Learning to Identify Spiders

The Golden Nature Guide book SPIDERS AND THEIR KIN by H. W. Levi, et. al. is a good book for the beginning hobbyist. Besides the numerous colored illustrations of spiders, the book also has information on how to collect spiders, and ways to keep certain kinds of spiders in captivity. One of the interesting things to observe about an orb weaving spider in captivity is how it goes about making its web; and after the web is formed how it deals with insects that become trapped in its web.
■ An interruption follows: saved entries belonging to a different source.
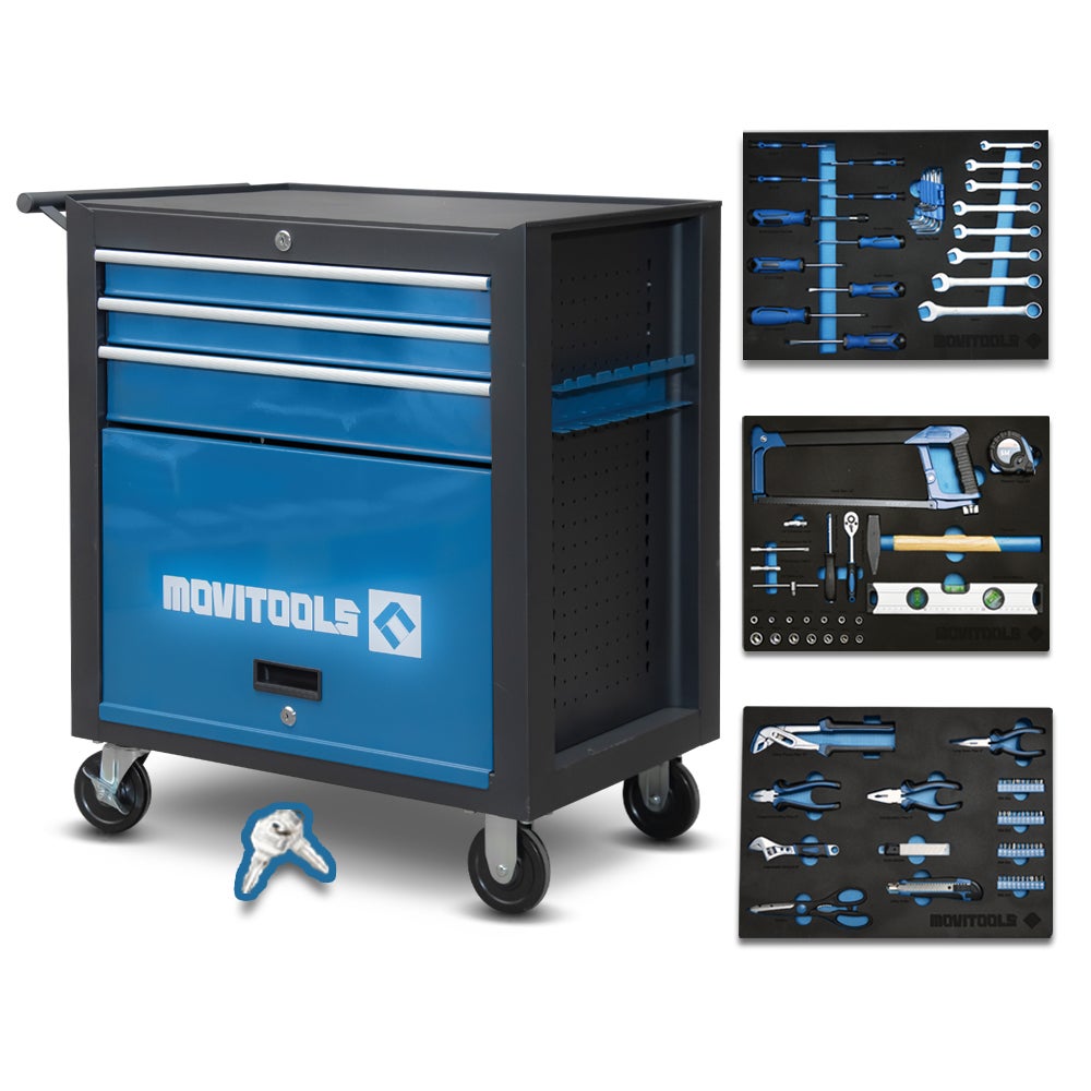 Servante d'atelier 3 tiroirs + espace de rangement + accessoires - Movitools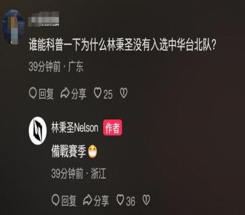 林秉圣此前曾入选中国台北男篮代表队,但在此次窗口期落选,无缘出战世预赛,有球迷在评论区询问为什么落选,林秉圣回复道是为了备战赛季。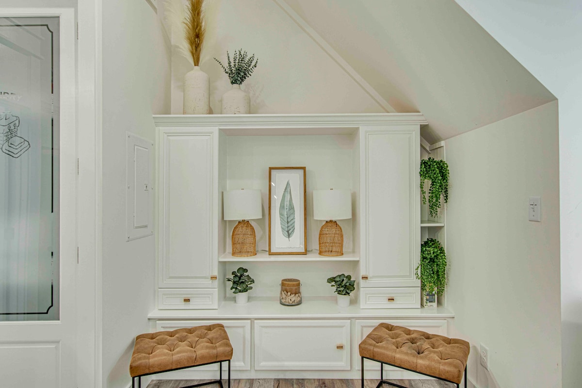 Unsere geräumige und abgeschiedene Gästesuite befindet sich in der perfekten Lage, um alles zu genießen, was das schöne Charleston zu bieten hat. Eingebettet in einen ruhigen Vorort sind wir weniger als zehn Fahrminuten von der Battery und dem historischen Viertel der Innenstadt und eine fünfzehnminütige Fahrt von Folly Beach entfernt. Die Suite wurde 2023 gebaut und verfügt über eine Vielzahl von Annehmlichkeiten für deine perfekte Reise. Mit schönen raumhohen Fenstern bietet die Aussicht einen Blick auf weitläufige Eichen und reife Magnolien, die die Kulisse für deinen Urlaub im Süden bilden.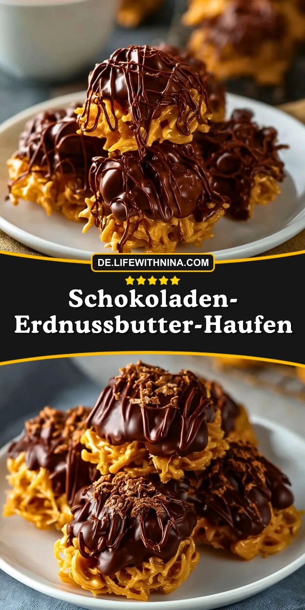 Diese Schokoladen-Erdnussbutter-Haufen sind eine herrlich einfache Süßigkeit mit knuspriger Basis, cremiger Erdnussbutter und glänzendem Schokoladentopping. Sie sind schnell gemacht, brauchen nur wenige Zutaten und eignen sich perfekt für Plätzchenteller, kleine Feiern oder als süßer Snack zwischendurch.
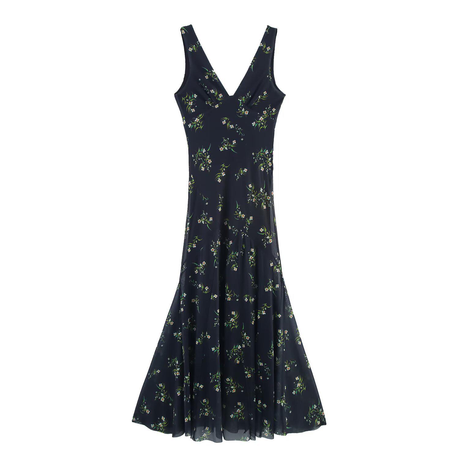 Весна 2025 Женское Европейское и Американское Цветочное Шелковое Приталенное Длинное Платье L цветочные печати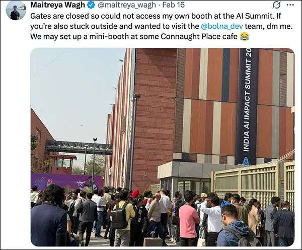 班加罗尔的可穿戴AI初创公司NeoSapien来参展,创始人亚达夫发帖子说,他们本来准备轮流吃午饭,有人守展台,但安保人员要求所有人都得离开,因为总理莫迪下午到场,安保要清场安检,展商的展品无需带走,“此处是高级别安保区”,绝对安全,随后便锁了门。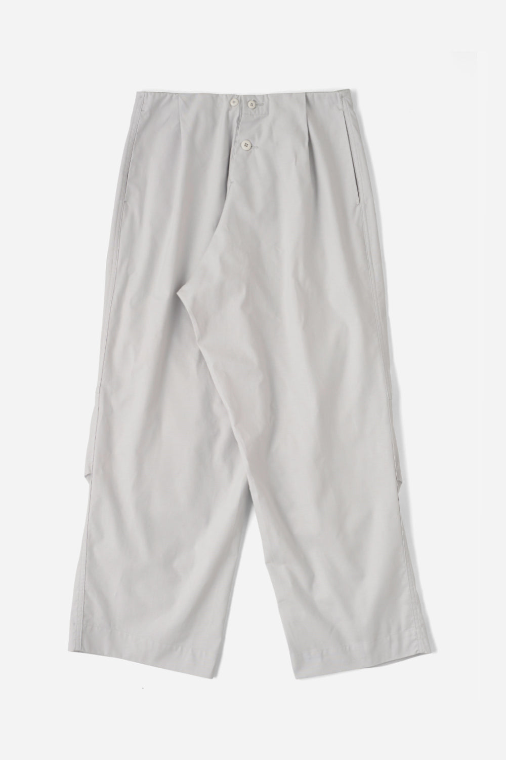 The "Knee Pleated Baggy Pants" are based on baggy pants and feature variable knee pleats, creating a minimalist yet beautiful silhouette with three-dimensional curved legs. They combine the functionality and details of military and workwear, reinterpreting elements from different categories.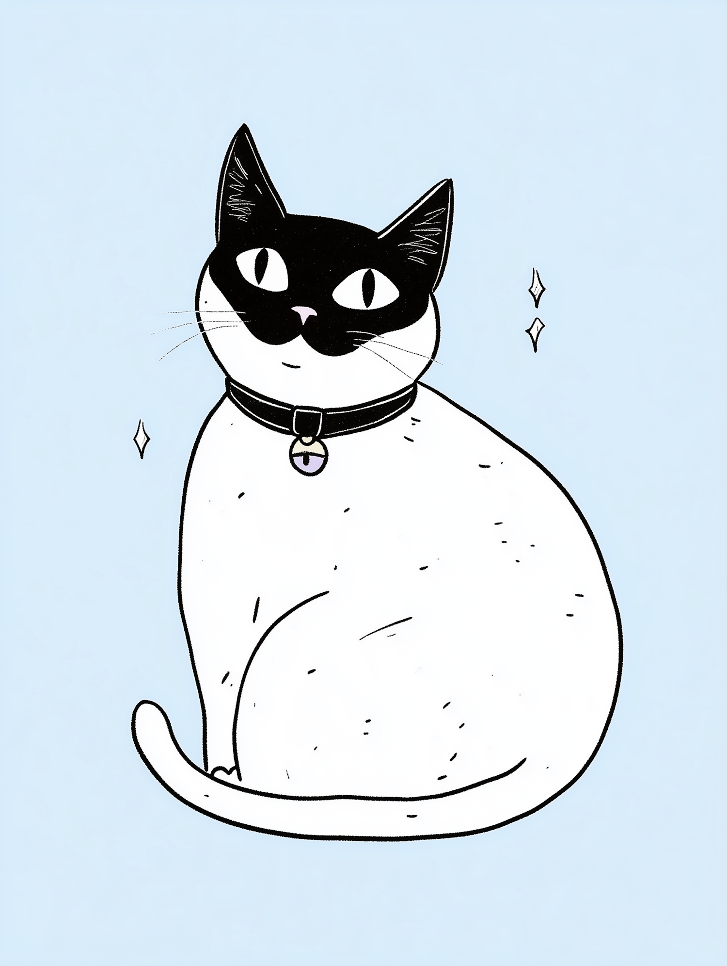 Minimalist black-and-white cat illustration with a whimsical touch, featuring a bell collar and sparkles on a light blue background.

Live flies and small grasshoppers and moths are good insects to give to your captive spider.

Three Kentucky Orb-weavers

Three large ( 3/4 to 1 inch long), easily identified, orb-weaving spiders that are commonly seen in fall in Kentucky are the shamrock spider (Araneus trifolium), the marbled spider (Araneus marmoreus) and the yellow garden spider (Ariope aurantia). They can be kept in cages for observation, but they may not be able to spin a normal web because of lack of space. The main part of their webs are usually a foot or more across. If you want to observe how these spiders deal with their prey, it is better to toss insects into webs that they have made outdoors.

Spider Silk

Spider silk may be stretched as much as one-fourth its length before breaking. The silk of Nephila spiders is the strongest natural fiber known, and South Sea Islanders use the silk of these spiders to make tote bags and fish nets. Nephila clavipes, is an American spider from which 150 yards of silk per spider can be collected. It would take the work of 415 spiders to make a square yard of cloth. The same number of silkworms could make twice as much silk, and they are easier to raise, so spider silk has no commercial value.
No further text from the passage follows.